Hye-Jin Kim

Statistical Optimization for Production of Carboxymethylcellulase of Bacillus amyloliquefaciens DL-3 by a Recombinant Escherichia coli JM109/DL-3 from Rice Bran Using Response Surface Method

The optimal conditions for production of carboxymethylcellulase (CMCase) of Bacillus amyloliquefaciens DL-3 by a recombinant Escherichia coli JM109/DL-3 were established at a flask scale using the response surface method (RSM). The optimal conditions of rice bran, tryptone, and initial pH of the medium for cell growth extracted by Design Expert Software were 66.1 g/L, 6.2 g/L, and 7.2, respectively, whereas those for production of CMCase were 58.0 g/L, 5.0 g/L, and 7.1. The analysis of variance (ANOVA) of results from central composite design (CCD) indicated that significant factor (“probe > F” less than 0.0500) for cell growth was rice bran, whereas those for production of CMCase were rice bran and initial pH of the medium. The optimal temperatures for cell growth and the production of CMCase by E. coli JM109/DL-3 were found to be 37°C. The optimal agitation speed and aeration rate of 7 L bioreactors for cell growth were 498 rpm and 1.4 vvm, whereas those for production of CMCase were 395 rpm and 1.1 vvm. The ANOVA of results indicated that the aeration rate was more significant factor (“probe > F” less than 0.0001) than the agitation speed for cell growth and production of CMCase. The optimal inner pressure for cell growth was 0.08 MPa, whereas that for the production of CMCase was 0.06 MPa. The maximal production of CMCase by E. coli JM109/DL-3 under optimized conditions was 871.0 U/mL, which was 3.0 times higher than the initial production of CMCase before optimization.
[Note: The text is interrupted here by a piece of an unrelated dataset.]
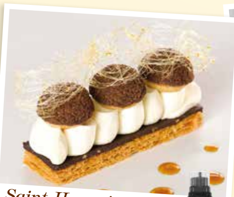
Saint Honoré à la Vanille Bourbon et au Chocolat

Crème pâtissière et crème diplomate à la vanille

Optimization of salts in medium for production of carboxymethylcellulase by a psychrophilic marine bacterium, Psychrobacter aquimaris LBH-10 using two statistical methods

The concentration of four mineral salts in the medium for the production of carboxymethylcellulase (CMCase) by Psychrobacter aquimaris LBH-10 were optimized using orthogonal array method (OAM) and response surface method (RSM) and their results from two statistical methods were compared. The analysis of variance (ANOVA) of data from central composite design (CCD) based on OAM indicated that potassium phosphate gave the highest percentage participation for cell growth as well as production of CMCase. However, their relative participations of four salts for cell growth were different from those for production of CMCase. The ANOVA of results from RSM indicated that highly significant factors (“probe>F” less than 0.0001) for cell growth were K2HPO4 and (NH4)2SO4, whereas those for production of CMCase were K2HPO4, NaCl, and MgSO4·7H2O. The optimal concentration of K2HPO4, NaCl, MgSO4·7H2O, and (NH4)2SO4 for cell growth extracted by Design Expert Software based on RSM were 7.10, 0.84, 0.24, and 0.33 g/L, respectively, whereas those for production of CMCase were 3.00, 0.52, 0.34, and 0.45 g/L. The optimal concentrations of salts for cell growth and production of CMCase using RSM basically coincided with those using OAM as well as those from ‘one-factor-at-a-time’ method. The production of CMCase by P. aquimaris LBH-10 with optimized concentrations of salts was 273.0 U/mL, which was enhanced by 1.27 times higher than the previous report.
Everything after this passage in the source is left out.